Write a program that, when given strings s1 and s2, finds the longest prefix of s1 that is a suffix of s2.

Input

Input consists of two lines. The first line contains s1 and the second line contains s2. You may assume all letters are in lowercase.

Output

Output consists of a single line that contains the longest string that is a prefix of s1 and a suffix of s2, followed by the length of that prefix. If the longest such string is the empty string, then the output should be 0. 
The lengths of s1 and s2 will be at most 50000.

Sample Input

clinton
homer
riemann
marjorie

Sample Output

0
rie 3

题目大意:

  多组输入,每组输入给你两个字符串,问你第一个字符串的前缀串和第二个字符串的公共串最长是多长。

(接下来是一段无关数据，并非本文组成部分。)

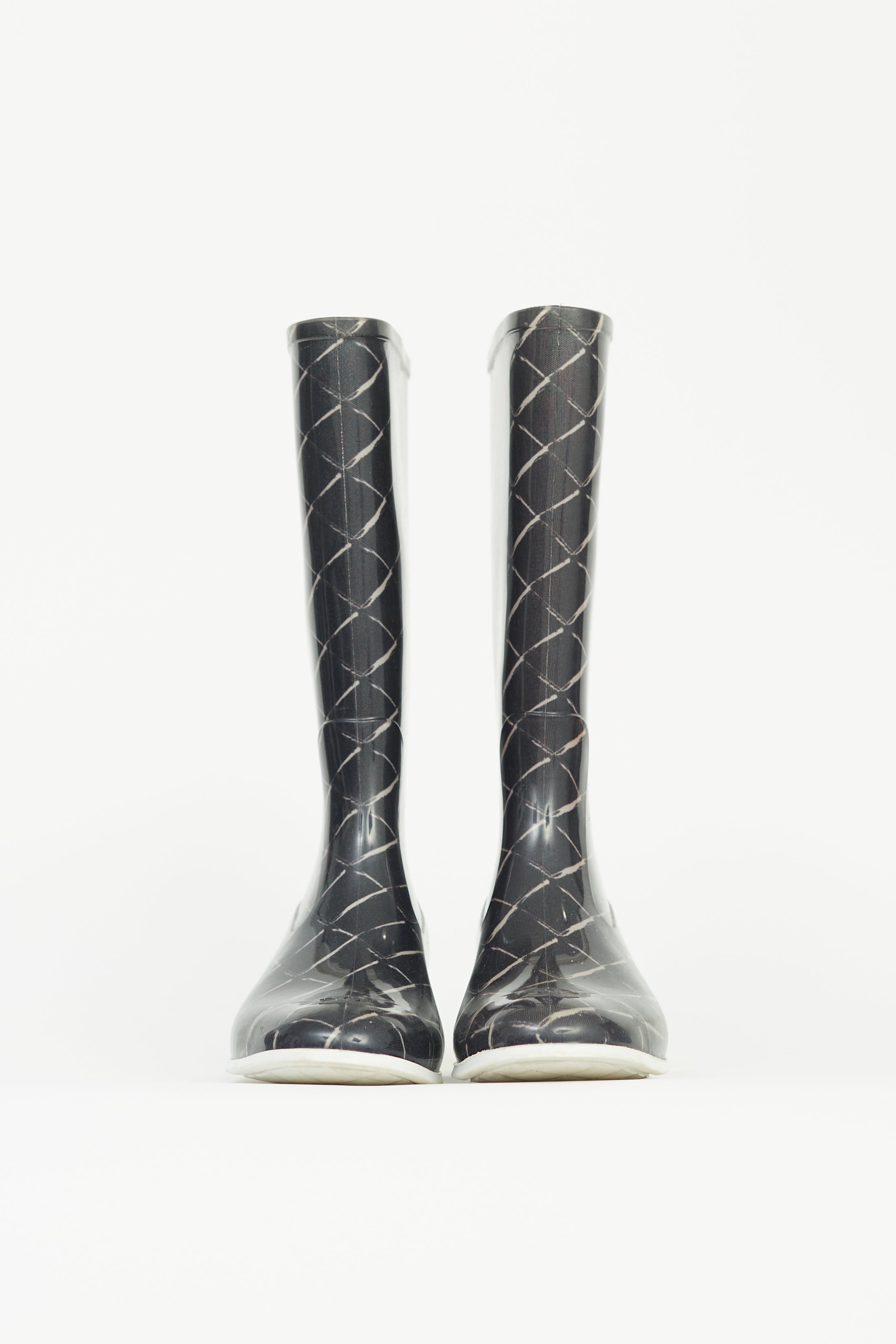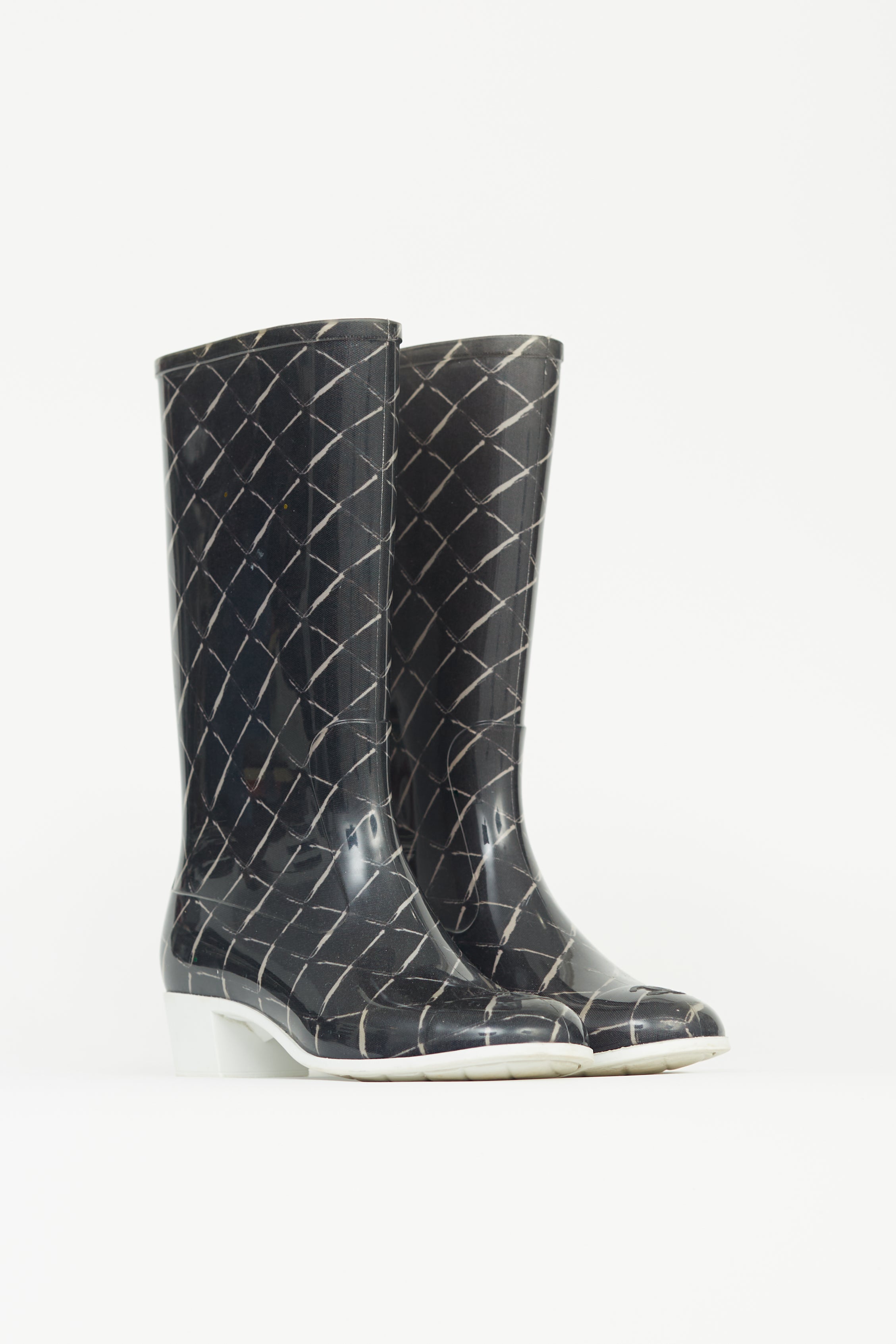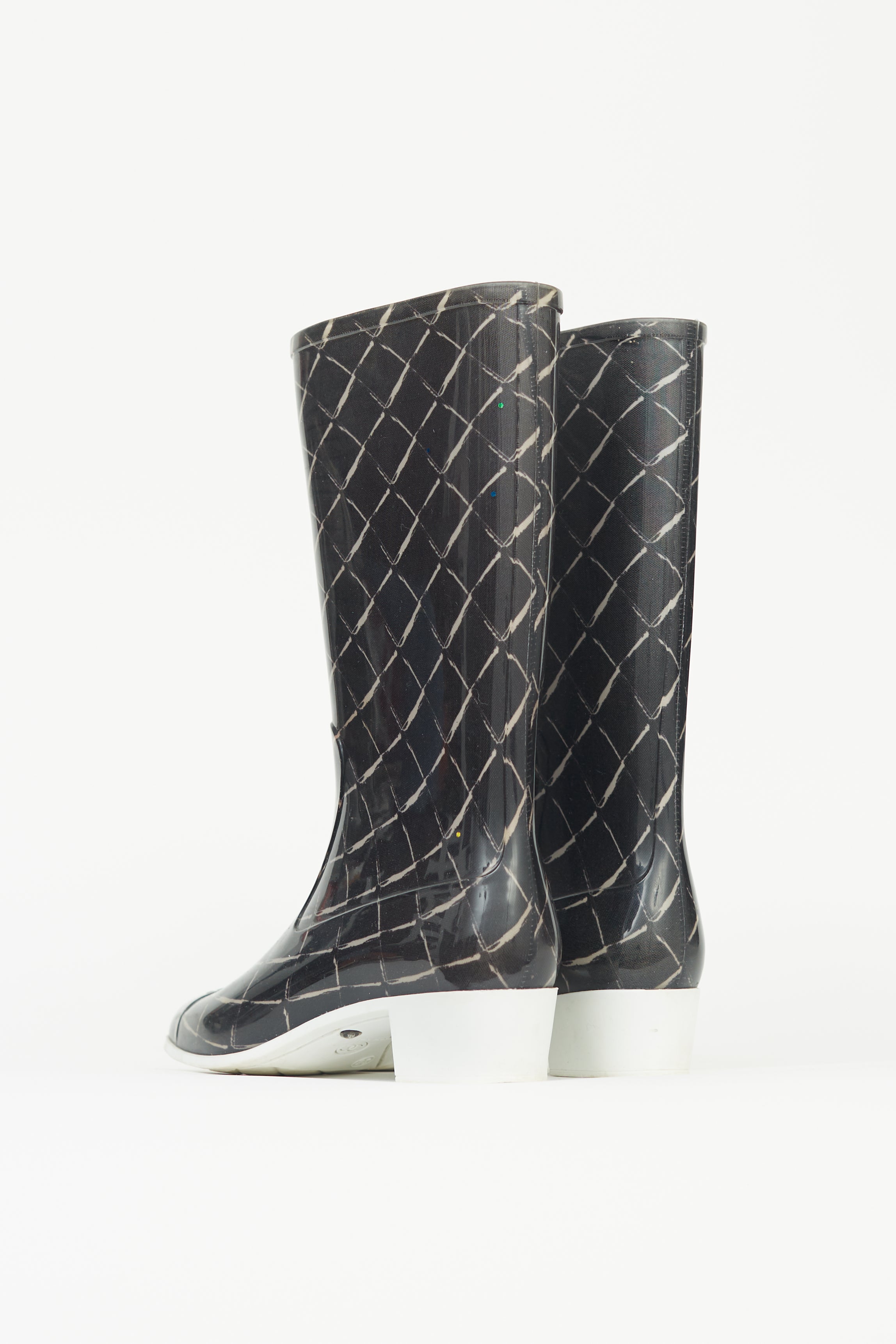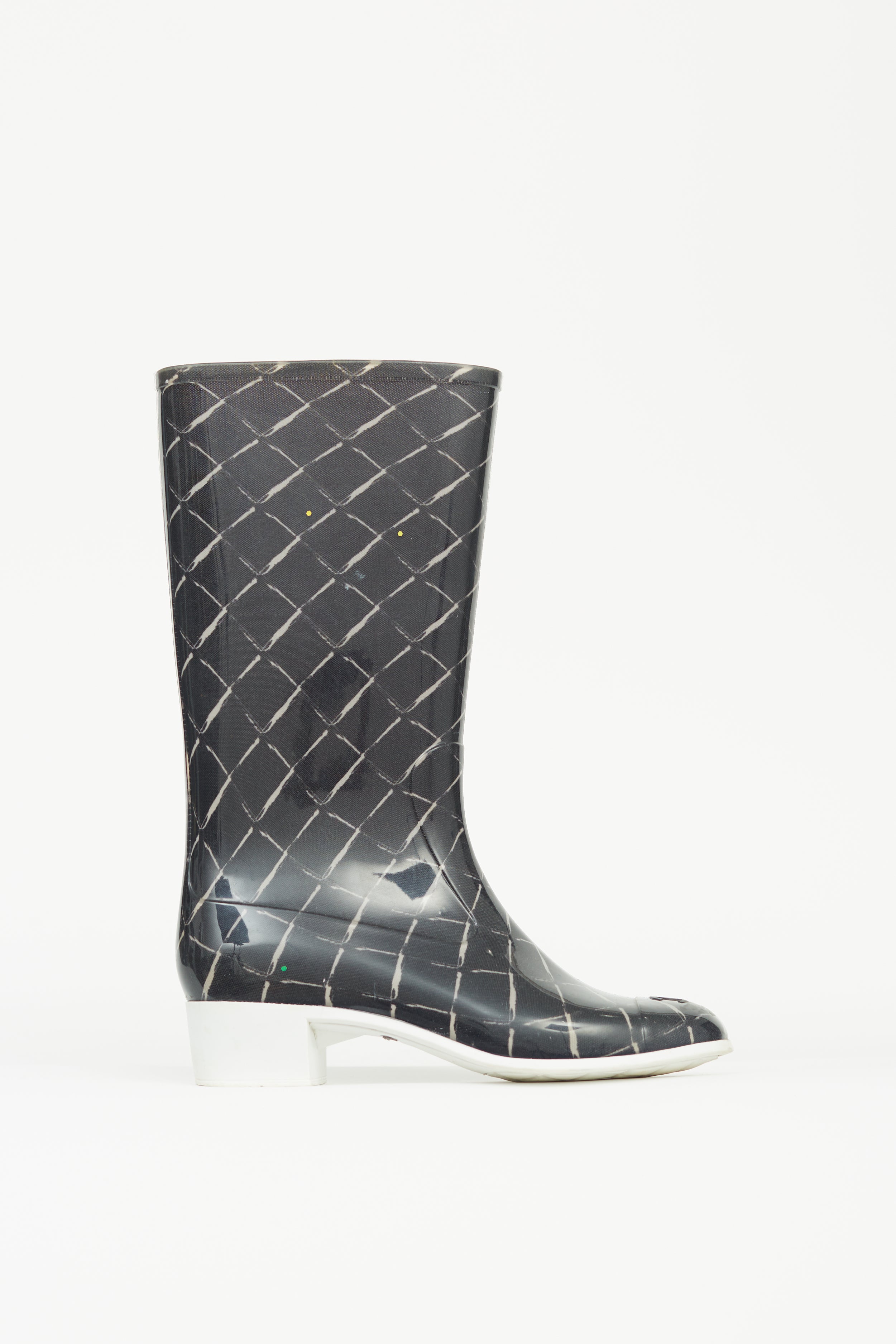 Pre-owned Chanel black rubber boots featuring a white quilted print all over, rounded toe, high shaft, tonal embossed logo at toe, block heels, and white rubber outsoles.

   换种讲法:给你两个字符串s1、s2,让你找出最长的字符串 使得它既是s1的前缀又是s2的后缀。

解题报告:

    这题很显然是要用KMP去求解的。首先把第一个串和第二个串嫁接到一起,然后对这个ss串求解失配函数next。如果没有重叠,那么这个值即为所求,但是有可能出现交叉的情况,比如aaa  和  aaaa,这样next[len] = 6了。。显然不是我们要的答案,所以我们不断的进行next迭代,直到这个值小于len1和len2。因为通过KMP的证明我们知道每一次求的一定是最优值,所以最终的k即为所求,最后输出就可以了。注意所有的迭代啊等等,都是对ss字符串求解的,这时候已经抛开了s1和s2了,也不管他俩到底谁长谁短,也不用分情况讨论,只用管ss数组就可以,只是最后的答案需要用len1和len2去约束一下。

 

错误代码:处理不了abca bcabc  这样的情况、

#include <cstdio>
#include <cstring>
#include <algorithm>
using namespace std;
char s1[100100], s2[50100];
char ss[50100];
int f[100100];//注意数组大小
void getfail(char *P) {
	int len = strlen(P);
	f[0] = f[1] = 0;
	for(int i = 1; i < len; i++) {
		int j = f[i];
		while(j && P[i] != P[j])
			j = f[j];
		f[i+1] = P[i]==P[j] ? j+1 : 0;
	}
}
int main() {
	while(scanf("%s%s", s1, s2) != EOF) {
		int l1 = strlen(s1);
		int l2 = strlen(s2);
		strcpy(ss, s1);
		strcat(s1, s2);
		getfail(s1);
		int len = strlen(s1);
		if(f[len]) {
			if(f[len] > min(l1, l2)) { //特殊情况
				if(l1 < l2)//选取长度较小的串
					printf("%s %d\n", ss ,l1);
				else
					printf("%s %d\n", s2, l2);
			} else {
				for(int i = 0; i < f[len]; i++)
					printf("%c", s1[i]);
				printf(" %d\n", f[len]);
			}
		} else
			printf("0\n");
	}
	return 0;
}

AC代码:

#include<iostream>
#include<cstring>
#include<string>
#include<cstdio>
using namespace std;
char s1[100005],s2[50005],ss[1000005];
int Next[100005],len,len1,len2;

void getNext() {
	int k = -1,j = 0;
	Next[0] = -1;
	while(j < len) {
		if(k == -1 || ss[j] == ss[k]) {
			j++,k++;
			Next[j] = k;
		}
		else k = Next[k];
	}
}
int main() {
	while(~scanf("%s%s",s1,s2)) {
		len1=strlen(s1),len2=strlen(s2),len=len1+len2;
		strcpy(ss,s1);
		strcat(ss,s2);//加长了 
		getNext();
		int k=Next[len];
		if(k == 0 || k == -1) {
			puts("0");
			continue;
		}
		while(k>len1||k>len2) k=Next[k];    //防止aaa aaaa这种情况,或者abca bcabc这样 
		for(int i = 0; i<k; i++)
			printf("%c",s1[i]);
		printf(" %d\n",k);
	}
}